In this article, we break down the types of performance requirements that might exist for object storage, and show how cunoFS achieves higher throughput performance with existing object storage solutions.

cunoFS turns any S3-API compatible object storage solution into a high-performance, POSIX-compatible filesystem that can be used with your existing code, often with better performance than native APIs and SDKs. cunoFS works on all major operating systems and is compatible with all popular object storage systems, both cloud and on-premises, including AWS S3, Azure Blob Storage, Google Cloud Storage, NetApp StorageGRID, MinIO, and Dell ECS.

High-performance storage requirements: what does “high-performance” mean to you?

”Performance” can mean different things in different use cases — each project measures success differently, and there can be some confusion as to whether a storage solution is performing well depending on the requirements.

When discussing performance in regard to computer storage, we may usually be talking about one of the following metrics:

Performance metric	Use cases/practical effect
IOPS (higher is better) Read/write operations per second	Databases and real-time applications that read and write lots of transactional data in quick succession
Throughput (higher is better) Amount of data that can be transferred in a second	Big data applications like streaming video, machine learning, and analytics requiring large datasets
Latency (lower is better) The time it takes to complete a single read/write operation (usually including any network requests)	Real-time applications including financial dashboards, gaming, and anything timing-critical
Durability/reliability Ability to retain data without loss/corruption and the operability of the storage medium itself	Long-term storage, mission-critical storage, anything where long-term data integrity matters and the data spends significant time at rest

While, arguably, a directly-attached RAID array of SSDs will always be the most performant in most categories, this is expensive, impractical, and doesn’t scale well.

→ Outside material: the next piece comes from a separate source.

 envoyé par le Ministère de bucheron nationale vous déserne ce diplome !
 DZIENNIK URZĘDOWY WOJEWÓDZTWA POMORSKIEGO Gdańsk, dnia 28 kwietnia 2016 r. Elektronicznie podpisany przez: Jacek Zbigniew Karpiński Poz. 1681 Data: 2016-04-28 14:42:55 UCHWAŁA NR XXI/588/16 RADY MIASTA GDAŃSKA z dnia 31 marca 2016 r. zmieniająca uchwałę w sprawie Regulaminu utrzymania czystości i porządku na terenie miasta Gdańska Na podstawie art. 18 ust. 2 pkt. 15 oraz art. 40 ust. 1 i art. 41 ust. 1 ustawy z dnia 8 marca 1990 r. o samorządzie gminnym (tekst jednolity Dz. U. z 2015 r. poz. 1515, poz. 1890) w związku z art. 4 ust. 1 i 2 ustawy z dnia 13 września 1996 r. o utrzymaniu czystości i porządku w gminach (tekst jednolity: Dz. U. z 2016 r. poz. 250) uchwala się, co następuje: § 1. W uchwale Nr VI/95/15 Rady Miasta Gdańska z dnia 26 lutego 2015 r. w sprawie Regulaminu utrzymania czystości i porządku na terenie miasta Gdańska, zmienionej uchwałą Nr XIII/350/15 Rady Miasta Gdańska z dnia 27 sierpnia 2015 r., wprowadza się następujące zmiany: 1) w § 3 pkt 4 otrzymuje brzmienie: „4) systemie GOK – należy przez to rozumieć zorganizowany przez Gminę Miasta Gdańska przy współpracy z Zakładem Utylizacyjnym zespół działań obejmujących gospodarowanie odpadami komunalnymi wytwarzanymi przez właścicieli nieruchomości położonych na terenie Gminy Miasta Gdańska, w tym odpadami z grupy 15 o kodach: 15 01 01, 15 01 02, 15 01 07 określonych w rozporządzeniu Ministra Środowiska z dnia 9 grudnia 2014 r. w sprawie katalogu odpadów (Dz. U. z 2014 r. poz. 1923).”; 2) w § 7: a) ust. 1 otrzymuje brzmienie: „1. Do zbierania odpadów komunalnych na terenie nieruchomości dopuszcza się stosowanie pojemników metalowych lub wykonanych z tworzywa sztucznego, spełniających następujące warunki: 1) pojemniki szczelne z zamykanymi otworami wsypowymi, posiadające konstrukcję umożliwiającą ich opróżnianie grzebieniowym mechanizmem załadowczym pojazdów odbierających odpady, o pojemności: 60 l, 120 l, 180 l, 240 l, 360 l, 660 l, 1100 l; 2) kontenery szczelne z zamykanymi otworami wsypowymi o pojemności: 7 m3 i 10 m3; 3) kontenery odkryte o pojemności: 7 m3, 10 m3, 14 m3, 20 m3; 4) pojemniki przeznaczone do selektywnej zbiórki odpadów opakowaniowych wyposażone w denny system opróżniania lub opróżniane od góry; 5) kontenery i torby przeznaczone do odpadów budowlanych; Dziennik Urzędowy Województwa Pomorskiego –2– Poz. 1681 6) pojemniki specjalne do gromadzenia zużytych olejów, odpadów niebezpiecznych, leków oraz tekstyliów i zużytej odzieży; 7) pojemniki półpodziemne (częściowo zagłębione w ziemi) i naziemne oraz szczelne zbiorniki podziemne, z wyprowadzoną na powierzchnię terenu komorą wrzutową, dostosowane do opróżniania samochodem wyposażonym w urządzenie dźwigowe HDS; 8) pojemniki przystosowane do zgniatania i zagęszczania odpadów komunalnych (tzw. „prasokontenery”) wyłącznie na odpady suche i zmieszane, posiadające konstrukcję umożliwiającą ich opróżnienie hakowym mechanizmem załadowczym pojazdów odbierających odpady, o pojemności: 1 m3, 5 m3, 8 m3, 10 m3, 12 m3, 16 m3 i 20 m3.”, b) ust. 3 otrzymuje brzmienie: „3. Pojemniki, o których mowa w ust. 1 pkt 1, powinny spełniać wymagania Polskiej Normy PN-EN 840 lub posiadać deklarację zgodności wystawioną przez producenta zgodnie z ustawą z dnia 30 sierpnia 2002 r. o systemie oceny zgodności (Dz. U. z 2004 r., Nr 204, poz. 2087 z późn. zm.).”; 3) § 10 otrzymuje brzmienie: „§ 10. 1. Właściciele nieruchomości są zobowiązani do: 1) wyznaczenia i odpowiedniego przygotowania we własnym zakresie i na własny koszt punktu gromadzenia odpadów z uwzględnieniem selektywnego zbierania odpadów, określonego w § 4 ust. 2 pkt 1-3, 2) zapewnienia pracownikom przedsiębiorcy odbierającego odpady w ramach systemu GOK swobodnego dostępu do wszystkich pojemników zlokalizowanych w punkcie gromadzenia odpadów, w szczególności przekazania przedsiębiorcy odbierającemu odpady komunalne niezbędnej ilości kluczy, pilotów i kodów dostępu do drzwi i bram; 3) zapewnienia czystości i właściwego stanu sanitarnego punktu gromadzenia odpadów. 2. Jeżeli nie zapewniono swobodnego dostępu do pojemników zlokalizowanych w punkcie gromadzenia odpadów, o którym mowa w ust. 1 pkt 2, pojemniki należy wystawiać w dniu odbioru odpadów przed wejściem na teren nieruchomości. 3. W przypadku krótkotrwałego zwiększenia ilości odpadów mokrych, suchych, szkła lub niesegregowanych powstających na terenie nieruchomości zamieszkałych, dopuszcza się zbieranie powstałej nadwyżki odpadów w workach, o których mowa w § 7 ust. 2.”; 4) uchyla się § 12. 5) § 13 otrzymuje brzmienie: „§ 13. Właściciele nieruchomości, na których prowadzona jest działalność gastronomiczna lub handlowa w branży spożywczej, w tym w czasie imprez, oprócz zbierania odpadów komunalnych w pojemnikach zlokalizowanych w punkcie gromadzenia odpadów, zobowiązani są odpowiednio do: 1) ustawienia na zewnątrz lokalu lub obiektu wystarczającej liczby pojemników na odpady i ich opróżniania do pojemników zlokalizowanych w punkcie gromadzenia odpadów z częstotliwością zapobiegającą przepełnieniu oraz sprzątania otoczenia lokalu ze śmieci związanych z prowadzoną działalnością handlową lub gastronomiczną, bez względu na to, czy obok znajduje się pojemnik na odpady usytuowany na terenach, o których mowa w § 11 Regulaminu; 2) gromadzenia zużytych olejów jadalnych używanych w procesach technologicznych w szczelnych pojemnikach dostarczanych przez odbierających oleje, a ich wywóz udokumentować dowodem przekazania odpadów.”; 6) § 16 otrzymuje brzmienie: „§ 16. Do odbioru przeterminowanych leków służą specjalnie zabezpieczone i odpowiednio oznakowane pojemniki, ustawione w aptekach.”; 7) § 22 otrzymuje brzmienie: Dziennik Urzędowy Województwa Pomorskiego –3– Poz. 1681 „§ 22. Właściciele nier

So teams tasked with selecting a storage solution for their project have to make tradeoffs to focus on the performance metric that matters most to their goals.

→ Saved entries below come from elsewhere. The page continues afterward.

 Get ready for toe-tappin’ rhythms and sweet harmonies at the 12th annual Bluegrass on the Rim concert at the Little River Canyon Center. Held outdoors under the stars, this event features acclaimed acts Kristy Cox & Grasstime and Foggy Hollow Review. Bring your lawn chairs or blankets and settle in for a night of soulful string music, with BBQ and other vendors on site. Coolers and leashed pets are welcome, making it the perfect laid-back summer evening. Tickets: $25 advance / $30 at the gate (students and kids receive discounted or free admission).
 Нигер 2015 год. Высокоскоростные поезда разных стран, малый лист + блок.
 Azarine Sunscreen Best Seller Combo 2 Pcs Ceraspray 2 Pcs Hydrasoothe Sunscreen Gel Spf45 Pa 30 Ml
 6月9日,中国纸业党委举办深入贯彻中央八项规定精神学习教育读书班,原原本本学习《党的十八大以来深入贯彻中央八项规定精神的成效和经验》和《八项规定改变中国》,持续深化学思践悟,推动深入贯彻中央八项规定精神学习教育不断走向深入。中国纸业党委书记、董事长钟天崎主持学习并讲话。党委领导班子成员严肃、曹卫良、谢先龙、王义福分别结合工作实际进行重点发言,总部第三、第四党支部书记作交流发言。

The strong suit of object storage is its throughput and scalability performance. Workloads like machine learning are most affected by these two metrics, as they need to be able to read from large, ever-expanding datasets. As object storage is optimized for throughput and scalability, it does not offer the best latency performance, which is not a problem as latency and IOPS are generally secondary considerations for these kinds of workloads. Object storage performs highly on durability metrics when configured with redundancy (for example, using MinIO’s erasure coding).

How cunoFS lets you take advantage of the high performance of your networked object storage solution

cunoFS directly addresses these problems by maximizing the throughput between object storage and your applications and scripts and providing a no-compromise POSIX-compatible interface that lets you access your files as-is without scrambling them or requiring intermediate storage gateways.

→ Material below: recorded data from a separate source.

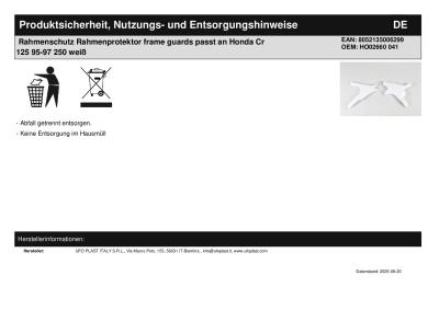 | Titel: | Rahmenschutz Rahmenprotektor frame guards passt an Honda Cr 125 95-97 250 weiß |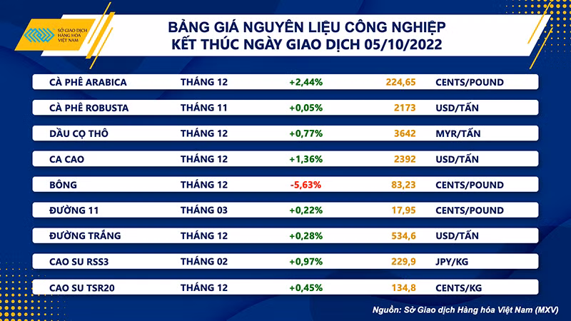 Kết thúc phiên giao dịch ngày 5/10, sắc xanh tiếp tục bao trùm trên bảng giá các mặt hàng nhóm nguyên liệu công nghiệp. Tuy vậy, điểm đáng chú ý nhất lại thuộc về sự sụt giảm gần 6% của bông khi Dollar Index khởi sắc trở lại.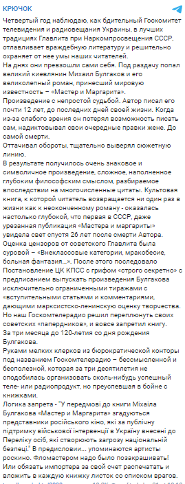"В предисловии к книге Михаила Булгакова "Мастер и Маргарита" упоминаются представители российского кино, которые за публичную поддержку военной интервенции в Украине внесены в Перечень лиц, которые создают угрозу национальной безопасности", - пояснил Олейник.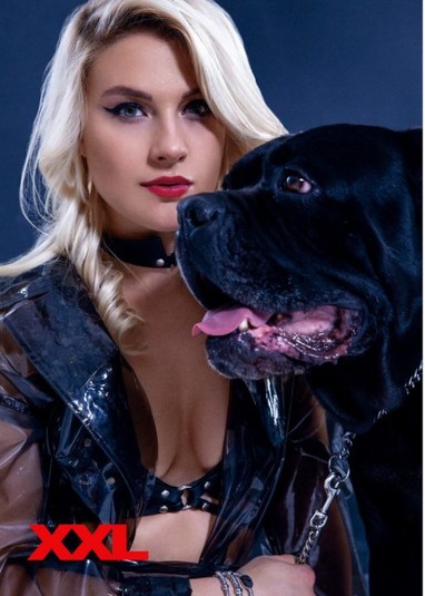 На снимках спортсменка позирует в строгом белье, а иногда и без него, прикрывая грудь руками и курткой. Также в кадре с Ольгой оказались две черных собаки, которых она держит на поводке.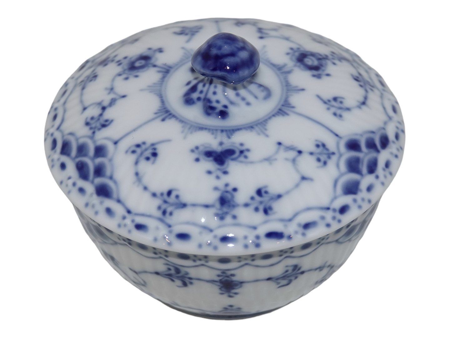 Royal Copenhagen Musselmalet Halvblonde, lille sukkerskål med låg.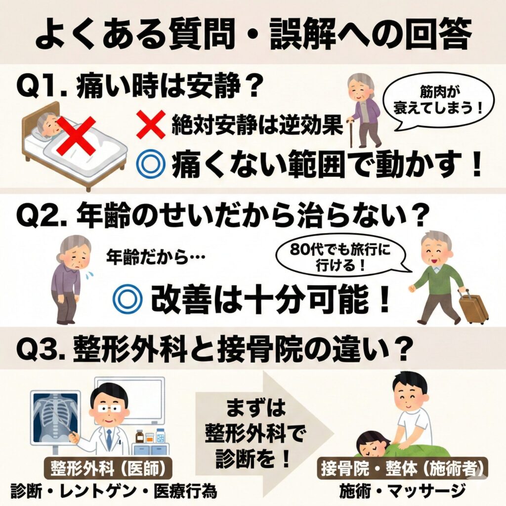 A. 確かに年齢とともに変化は起きますが、「治らない」わけではありません。 医学的に「変形」自体を完全に元通りにするのは難しい場合もありますが、「痛みを取り除くこと」や「今より楽に歩けるようになること」は十分に可能です。 80代からリハビリを始めて、再び旅行に行けるようになった患者さんはたくさんいらっしゃいます。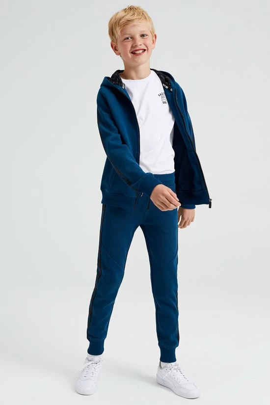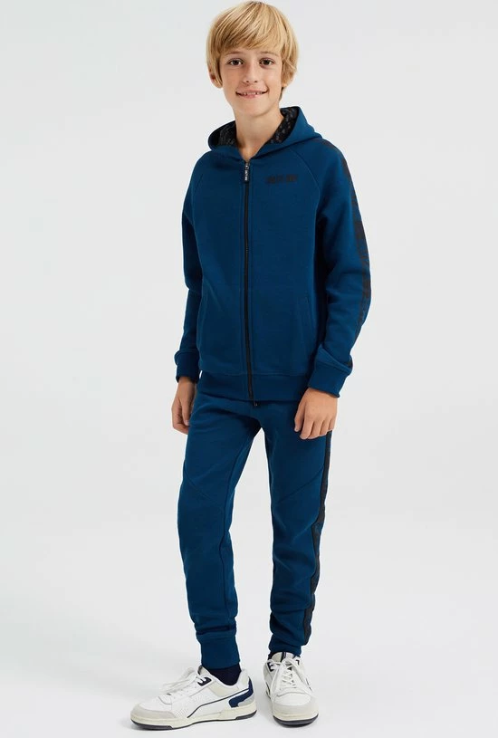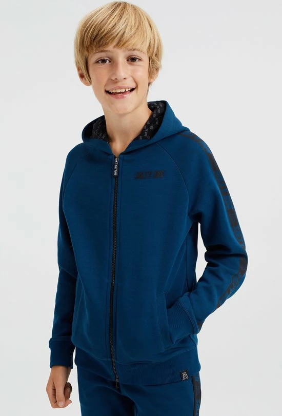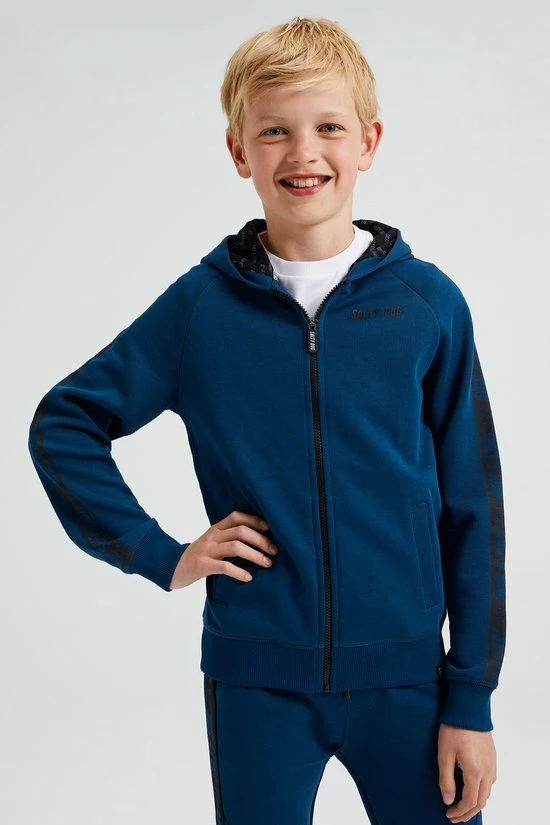 Promo 🧨 WE Fashion Jongens Sweatvest Met Capuchon En Tapedetails – Donkerblauw – Maat 170/176 ✨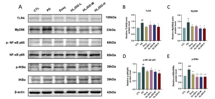 HLJDD能显著降低海马体中 TLR4、MyD88、p-NF-κB p65、p-IκBα 等关键蛋白的表达,从而抑制神经炎症 cascade 的启动。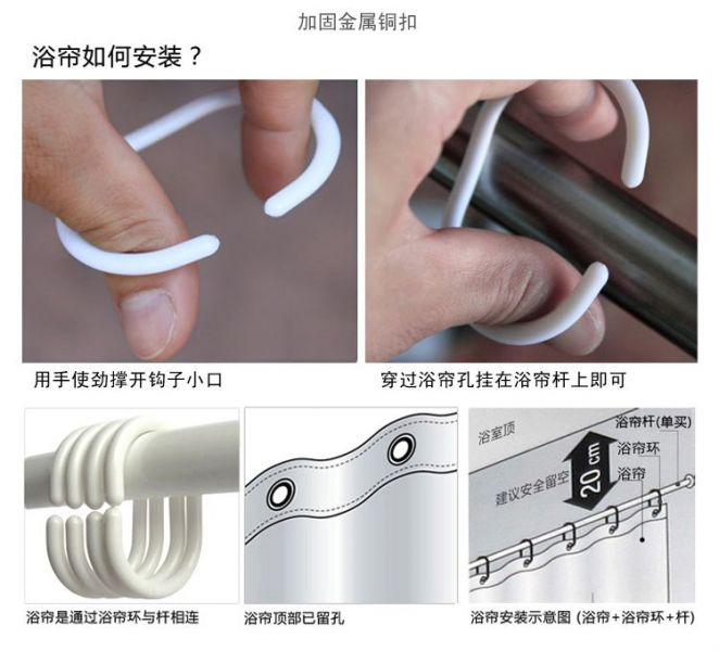 【材質(zhì)】: EVA,環(huán)保,不含鄰苯二甲酸鹽,對人體沒有危害 【規(guī)格】:140*200cm, 170*200cm, 【特點(diǎn)】:浴簾美觀高雅,時尚個性,防水,帶給您非凡的品味生活

The cunoFS filesystem layer is a client-side application, so — unlike other solutions that are far removed from the actual data use — it can anticipate data reads and writes to reduce bottlenecks, and is able to store POSIX metadata without the need for additional gateways or databases.

cunoFS lets you take full advantage of the throughput performance that object storage provides, and works over both LAN and WAN to give you native filesystem access to almost any object storage provider. Unlike with object storage SDKs, APIs, and other less performant filesystem layers like goofys and s3fs-fuse, you can work directly on data stored in S3 and object storage, without needing to stage files locally.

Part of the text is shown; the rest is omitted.